For genotyping, two technologies were used: 1,409 individuals with BP data were genotyped at 747,611 variants using the Affymetrix 6.0 GeneChip, and 704 individuals with BP data were genotyped at 548,944 variants with the custom Affymetrix Axiom BB_incor array chip. SNPs were imputed using a reference panel from TOPMed29 using the IMPUTE2 program. After imputation, 39,127,678 SNPs were available for further analysis.

The 1982 Pelotas (Brazil) birth cohort study

This study is part of the EpiGen-Brazil consortium, which studies 6,487 individuals belonging to three Brazilian population-based cohorts with at least a 10-year follow-up. It is one of the most significant Latin American initiatives in population genomics and genetic epidemiology. The Pelotas cohort is a longitudinal study conducted in Pelotas, a city in the deep South of Brazil, near the Uruguayan border and follows 5,914 individuals born in 1982 throughout adulthood30. We used data from 3,736 individuals from the 2012 follow-up when the subjects were 30 years old.

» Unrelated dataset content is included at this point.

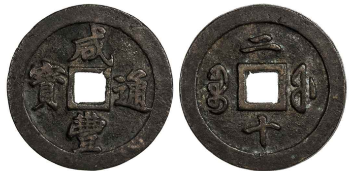
536. QING: Xian Feng , 1851-1861, AE 20 cash (34.52g), Fuzhou, Fujian Province, H-22.781, 46mm one dot tong, copper ( tóng ) color, cast 1853-55, VF $75 - 100

Blood pressure was measured using a standard digital sphygmomanometer in the sitting position twice, and BP was calculated from the mean of two readings. We adjusted SBP and DBP for medication use using the same values applied to the UKB individuals. Genotyping was performed at the Illumina facility using the HumanOmni2.5-8v1 array, which genotyped 2.3 million SNPs. SNPs were imputed using a reference panel from TOPMed29 using the IMPUTE2 program, resulting in a dataset with 40,650,105 variants.

For all three populations, we defined hypertension as SBP ≥ 130 mmHg, DBP ≥ 80 mmHg, antihypertensive medication use, or registry-based hypertension. For hypertension stages, we defined Elevated as 120 ≤ SBP < 130 mmHg, and DBP < 80 mmHg. Hypertension stage 1 was defined as 130 ≤ SBP < 140 mmHg or 80 ≤ DBP < 90 mmHg, and hypertension stage 2 was defined as SBP ≥ 140 mmHg or DBP ≥ 90 mmHg31.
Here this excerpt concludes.